On Ubuntu I tried, the latest one as of now , I mean the comment.

My Error:

docker pull maven:3-alpine
cannot create user data directory: /var/lib/jenkins/snap/docker/321: Permission denied

Any suggestion?

Now, newgrp command is not available to use.

[Hugo-Gomez]

@ukreddy-erwin When this append you have to try with sudo before your command, just like this
sudo docker pull maven:3-alpine

[ukreddy-erwin]

But I am using it in jenkins pipeline with docker plugin.
Where in the pipeline, when I kept below line, it expands as below.

stage('Back-end') {
agent {
docker { image 'maven:3-alpine' }
}
steps {
sh 'mvn --version'
}

Here, it runs without sudo.

If I append sudo in front of it, what is the purpose of all this process?

[ukreddy-erwin]

Without sudo I am able to access docker but with below command, I am getting error for access.

docker run -t -d -u 1000:1000 -w /var/lib/jenkins/workspace/test -v /var/lib/jenkins/workspace/test:/var/lib/jenkins/workspace/test:rw,z -v /var/lib/jenkins/workspace/test@tmp:/var/lib/jenkins/workspace/test@tmp:rw,z maven:3-alpine cat

docker: Error response from daemon: error while creating mount source path '/var/lib/jenkins/workspace/test': mkdir /var/lib/jenkins: permission denied.
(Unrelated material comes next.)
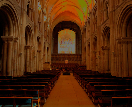 Illuminated Inside of St Magnus Cathedral at Kirkwall, Scotland, low angle view
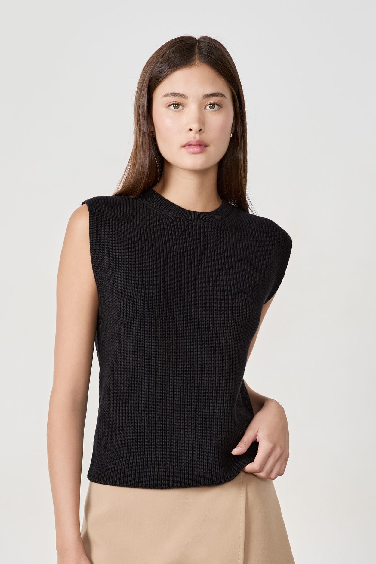 Essentiel du vestiaire, ce pull sans manches en maille avec une coupe épurée et un col rond est un basique à avoir toute...

WHen I check the permissions,they already exists.

uday@jenkins-server:~$ ls -l /var/lib/jenkins/workspace
total 8
drwxr-xr-x 2 uday uday 4096 Nov 15 06:51 test
drwxr-xr-x 2 uday uday 4096 Nov 15 07:32 test@tmp

Any suggestions please.

When I tried to troubleshoot ing daemon, dockerd is not available. So, I installed it.
sudo apt-geet install docer.io

Now, I am able to start.

And get the output.
But when I tried to stop the container.

docker stop --time=1 bee

Error response from daemon: cannot stop container: bee: Cannot kill container bee8f2fd8b6b3a7a88277cf072d04ebb8ab69fe00c6b83c58c2e8762abec0448: unknown error after kill: docker-runc did not terminate sucessfully: container_linux.go:393: signaling init process caused "permission denied"
: unknown

Why it is getting permission denied again?

[zzCOMzz]

In my case, I solved the same issue with the following statement:

• sudo chmod 666 /var/run/docker.sock

Thanks! I have tried with this, Work very well for me 😄

[psftw]

Closing all issues and pull requests since this repo is getting archived (see notice at the top of README).